Work task: Reproduce, exactly and in full, the lines from the one with "一駅目到着の出発後からスカートをまくり上げて尻のお触り開始。" through the one with "The Groups tab" in the data below; drop pictures.

..............................

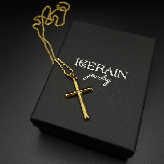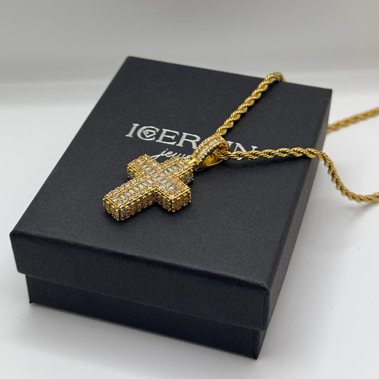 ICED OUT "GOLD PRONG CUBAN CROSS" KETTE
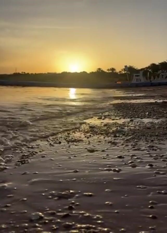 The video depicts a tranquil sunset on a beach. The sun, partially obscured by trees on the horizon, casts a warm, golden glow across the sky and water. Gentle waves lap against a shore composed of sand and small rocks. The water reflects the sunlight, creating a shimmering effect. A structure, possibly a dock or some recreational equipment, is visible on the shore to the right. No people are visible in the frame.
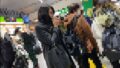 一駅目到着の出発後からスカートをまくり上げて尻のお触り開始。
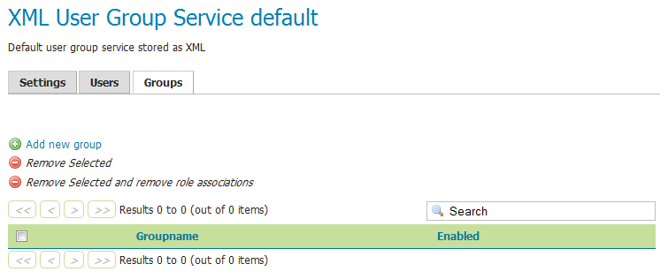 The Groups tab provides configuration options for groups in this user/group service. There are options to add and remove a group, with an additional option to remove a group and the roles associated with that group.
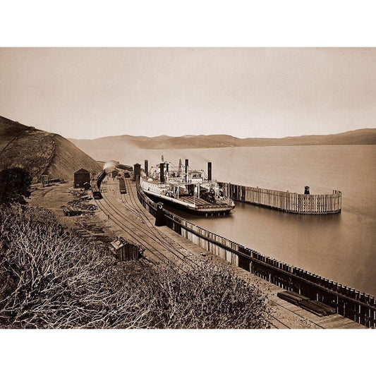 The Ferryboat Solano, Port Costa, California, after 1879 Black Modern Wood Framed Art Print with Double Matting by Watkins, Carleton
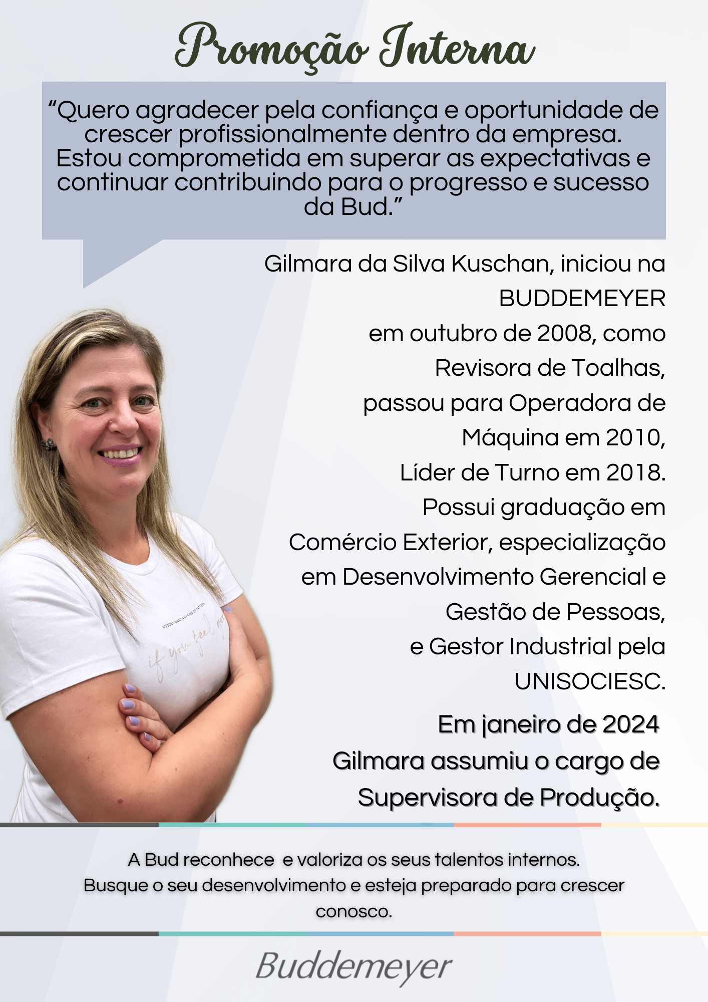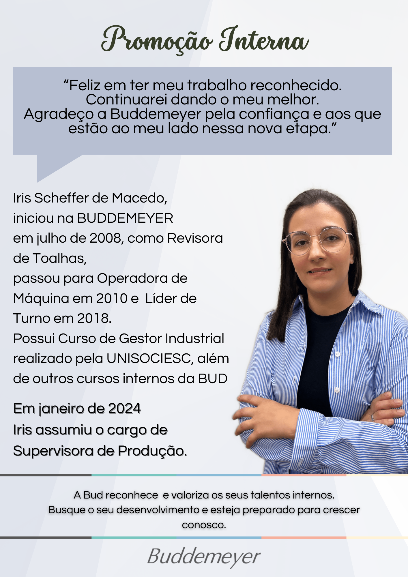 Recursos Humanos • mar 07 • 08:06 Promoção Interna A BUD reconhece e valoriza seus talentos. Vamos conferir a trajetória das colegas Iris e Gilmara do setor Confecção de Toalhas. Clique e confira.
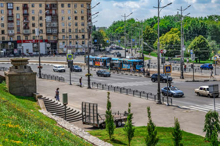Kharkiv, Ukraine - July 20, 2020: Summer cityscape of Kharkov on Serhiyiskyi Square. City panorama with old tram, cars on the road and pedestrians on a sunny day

..............................

Response:
 一駅目到着の出発後からスカートをまくり上げて尻のお触り開始。
 The Groups tab provides configuration options for groups in this user/group service. There are options to add and remove a group, with an additional option to remove a group and the roles associated with that group.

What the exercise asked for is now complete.